The nervous college student was pacing the corridor, so scared of the caged spider at the end of the hall that he thought he would leave before the therapy session began.
After about two hours of "exposure therapy," which involved touching the 5-inch-wide tarantula with a paintbrush, then with gloves and finally with bare hands, he didn't want to leave the arachnid.
"It was so sweet.
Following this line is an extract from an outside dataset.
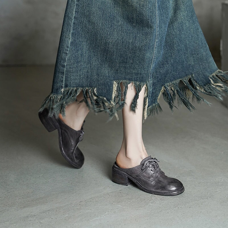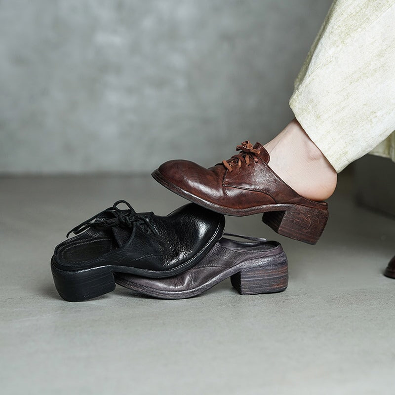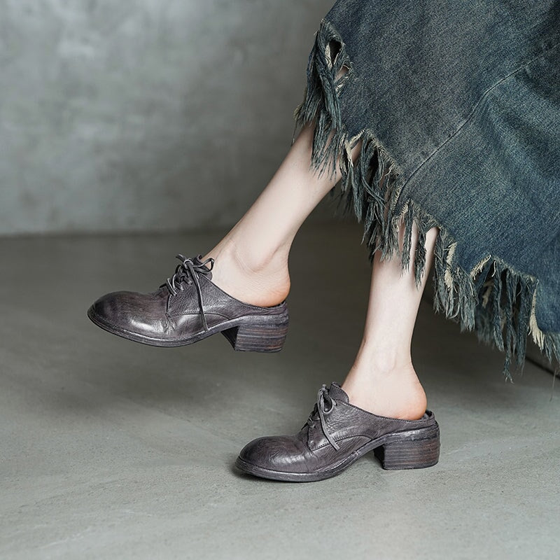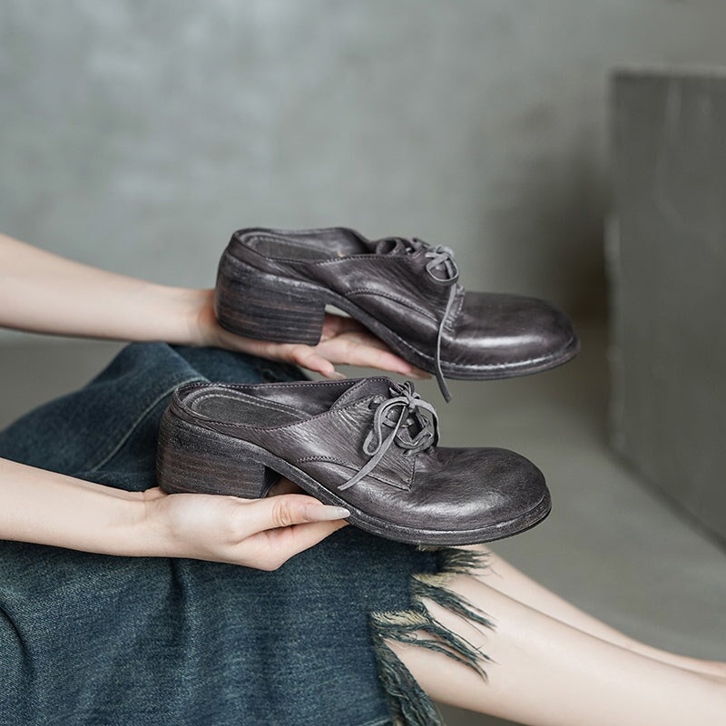 Vintage Washed Horse Leather Lace-Up Mules for Women Block Heel Closed-Toe Slippers in Black/Grey/Red Brown
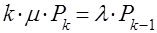 Если в момент поступления требования в очереди уже находились k-m требований, то, поскольку обслуживание происходит в порядке очередности, вновь поступившее требование должно ожидать, когда будут обслужены k-m+1 требований. Пусть

I remember thinking this was not a problem I had anticipated -- that he wouldn't want to leave the spider," said Katherina Hauner, a post-doctoral neurology fellow at the Northwestern University Feinberg School of Medicine in Chicago.
The patient's phobia was cured. And Hauner was able to observe how the brain changes when fear is successfully treated.
Hauner's research, published this week in the Proceedings of the National Academy of Sciences, documents the immediate and long-term brain changes after treatment for a phobia.
Her 12 arachnophobic subjects underwent brain imaging scans -- while being shown pictures of spiders -- immediately before and after the therapy. The same scanning technique was performed six months later.
Brain scans after the therapy showed that regions associated with fear had decreased activity when the subjects were shown pictures of spiders. The scans also showed how the brain reorganizes long-term to reduce fear.
The research could be used in the treatment of other phobias and anxiety disorders, including the fear of blood, flying and small spaces. By studying the levels of brain activity associated with fear, researchers might be able to predict for whom therapy will be most effective, and they could use the results to decide whether someone needs more therapy, for example.